The consolidated financial statements for the results of operations and financial position of a group of companies are required to be presented as if all of the companies were a single company in accordance with FASB’s Accounting Standards Codification (ASC) 810-10-10-1. There is a presumption that consolidated financial statements are more meaningful than separate financial statements and that they are usually necessary for a fair presentation when one of the entities in the consolidated group directly or indirectly has a controlling financial interest in the other entities. In general, a parent company is required to consolidate the financial information of another company if it has a “controlling financial interest” in the other company.

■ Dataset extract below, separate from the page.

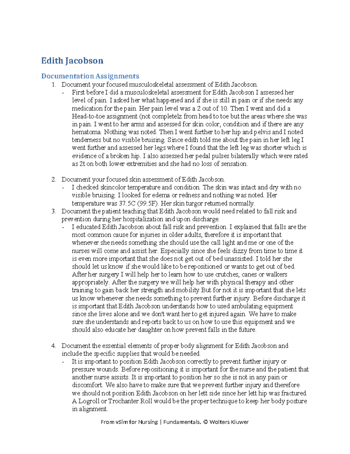 NUR 101: Documentation Assignments for Edith Jacobson's Assessments ...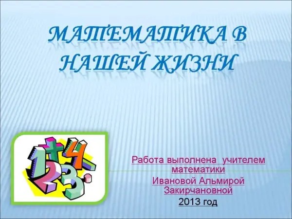 Цель занятия: прививать интерес к математике, познакомить с различными отраслями, в которых применяется математика, показать красоту математики; расширить знания учащихся; развивать познавательный интерес, интеллект; воспитывать стремление к непрерывному совершенствованию знаний.

When a company acquires at least 50 percent but less than 100 percent of the equity interests of a private target company (a Minority Interest Acquisition), it can be difficult to ascertain whether the acquirer has obtained a controlling financial interest for purposes of the financial accounting rules. Minority equityholders will typically retain very limited control over the target company in a Minority Interest Acquisition and often negotiate certain rights over significant actions of the company to protect their interests. Such rights and protections may include the right to receive certain information about the target company or review books and records of the target company, preemptive rights, the ability to require the target company or the other equityholders to purchase their equity at a certain time or under certain circumstances (i.e., a “put right”) or “tag along” rights, or the right to designate a member of the target company’s board of directors (or managers) or have board observer rights. Minority equityholders often insist on having certain consent rights or require unanimous board approval (if minority equityholders have a board seat) before the target’s management (which is typically controlled by the acquirer) can make certain decisions or take certain actions that could have an adverse impact on the minority equityholders. These rights include the company’s ability to (1) change the target’s business or enter into a new line of business; (2) dissolve or liquidate the target; (3) amend or terminate any organizational or governing document; (4) sell the target or issue any equity interests of the target; (5) acquire or dispose of assets or equity interests outside the ordinary course of business; (6) incur certain indebtedness or encumber assets; (7) make certain distributions or redemptions; (8) enter into, terminate or amend material contracts; (9) approve or materially change the budget; (10) enter into any affiliate transaction; or (11) hire or fire certain employees or substantially change their compensation.